In fact, once I even pointed out to him—while getting exhausted by the repeated readings of the same tedious copy—that a second person should be reading them, and he muttered something as if in agreement—and this was not done. In essence, I read the P.I.s, in terms of the same wordage being read, six times.

Common sense should tell you that this sort of thing would be exhausting (you can download a copy of the P.I. from the medication Web site and see how tedious the copy is), and thus could run into errors in terms of not catching every possible error due to fatigue or boredom. This situation created anxiety and anger for me. It also contradicted [Agency X’s] own policy for any such important documents, and it defied the specific instructions for these items. The reading just by me wasn’t something I demanded. And of course we could not provide the certification that the supposed outside vendor usually furnished with such work.

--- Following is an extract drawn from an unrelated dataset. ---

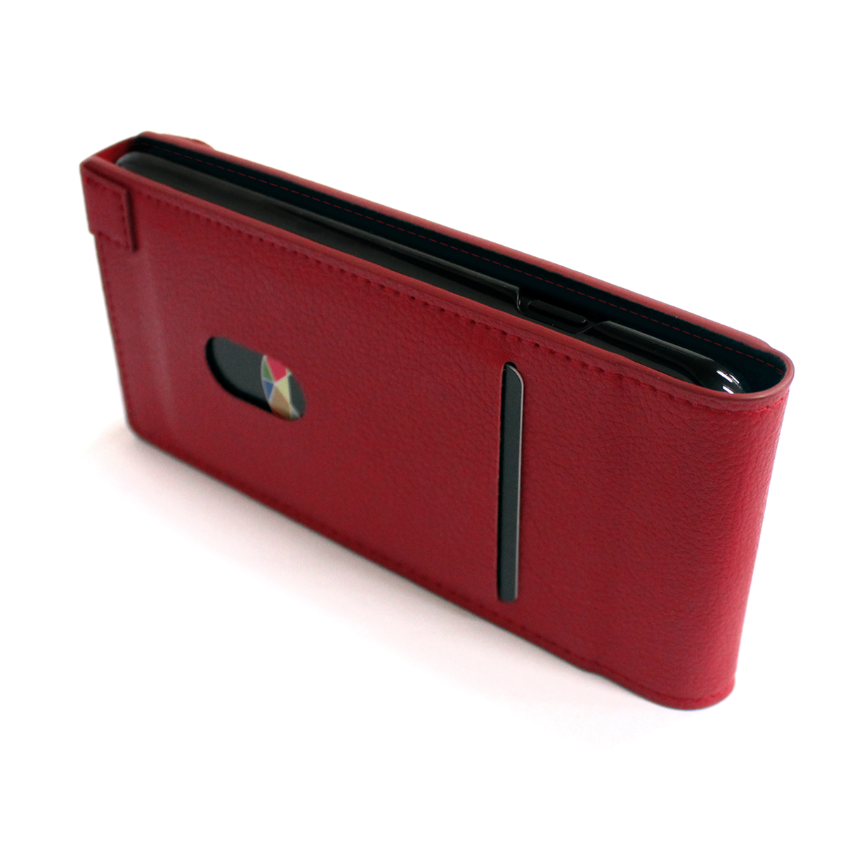 このケース、カバーが2つ折り携帯のように縦に開くタイプ。エコ素材で手触りが良いプレミアムイタリアンレザーを使用し、グリップ感は良好です。

In this way and in other, even more disturbing ways (including a bad-faith move I postulate) that I’ll recount in the narrative, the P.I.s were handled unprofessionally. They were handled apparently in large part or exclusively out of billing considerations (which I’ll explain), not so much in terms of what were editorially effective and best-practices methods.

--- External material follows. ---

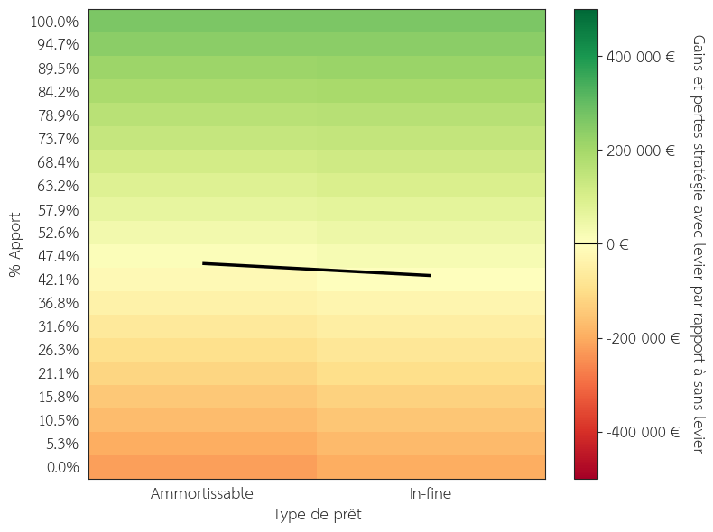 Il n’y a pas de différence entre investir avec un crédit in-fine ou un crédit par amortissement avec les paramètres actuels car le taux du prêt est proche de la rentabilité utilisée. Dans notre cas, nous considérons le rendement constant, c’est donc l’appréciation du capital ou de l’apport et du crédit qui permet d’accroître celui-ci. Plus cette appréciation est importante par rapport au taux du crédit et plus il devient intéressant d’emprunter sous la forme d’un prêt in-fine. Autrement dit, la pente descendante représentée par la ligne noire devient de plus en plus forte.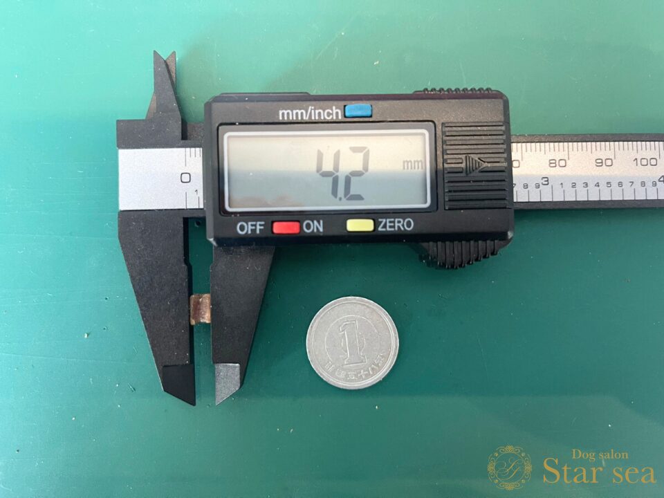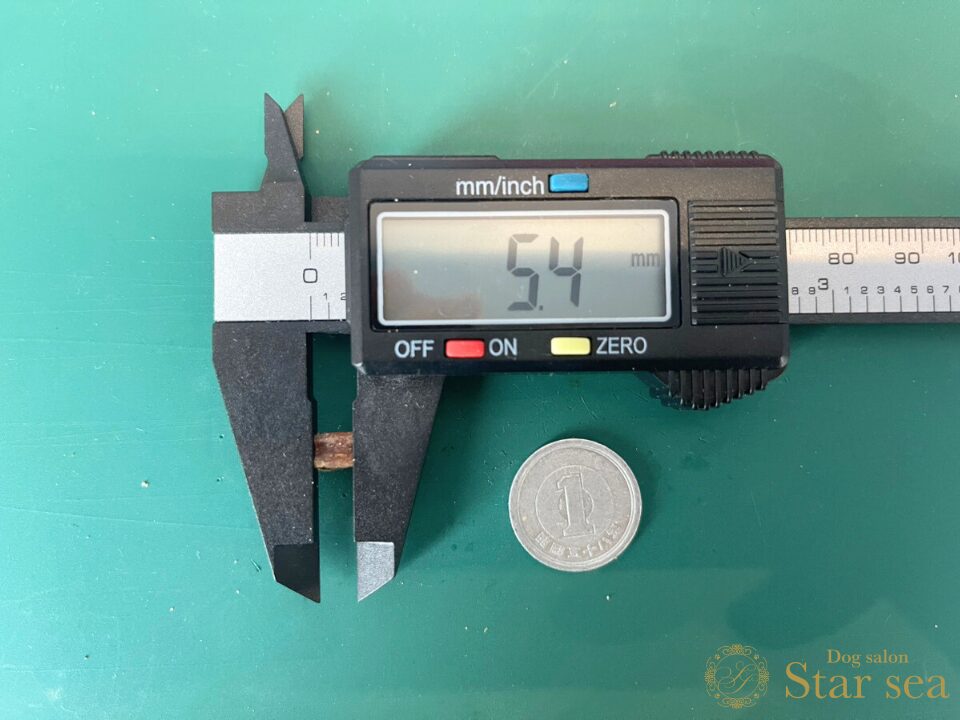 ドッグヴォイスの粒を測定してみると、直径が5.4㎜、幅が4.2㎜でした。一般的なフードと比べるとかなり小さいです。

Any claim that Tweedle Dee (or anyone else) made that two editors indeed proofread the P.I.s in their multiple versions, as was specifically requested during the production process I was in, is absolutely false, and insultingly so to me. (This mishandling of the P.I.s would be a key part of my complaint that I sent to the FDA in fall 2010.) Subtleties and qualifications of all this will be seen in the subsequent parts of this series.

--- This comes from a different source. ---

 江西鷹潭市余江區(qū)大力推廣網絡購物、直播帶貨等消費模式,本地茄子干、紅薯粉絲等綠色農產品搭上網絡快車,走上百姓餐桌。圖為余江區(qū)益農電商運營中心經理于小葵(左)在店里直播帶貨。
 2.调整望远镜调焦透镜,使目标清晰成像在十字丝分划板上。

This, of course, showed no consideration for my work effectiveness (as to work on other items in the future).

Further, amid all the stress of that last week I was there, for me to be defamed with an alert as Tweedle Dum did and yet for her to have me in on Friday to do more bill-beefing-up P.I. work—as if I could be so stupid not to notice the results of an alert that had gone out to so many people—obviously not only shows a managerial temper for doing legally questionable things (related to case law on harassment matters I’ll come to later on), but shows there was no real expectation that I’d be called back, so ultimately my career prospects were hurt.

And, again, on Friday, if I was to be the only proofreader for this, there was the issue of public interest being served, if the P.I. was to be mishandled, though here the problem was less likely or crucial, because the tablet form of Suboxone had been in circulation for years, and its P.I. should have been pretty settled.

The defamatory-alert issue is something that is very extensively addressed by the sequelae account I mentioned above, which has to wait.

For now, I hold Tweedle Dum, the trafficking manager, and Tweedle Dee, the “director of editorial services,” primarily responsible for the P.I.-related issues.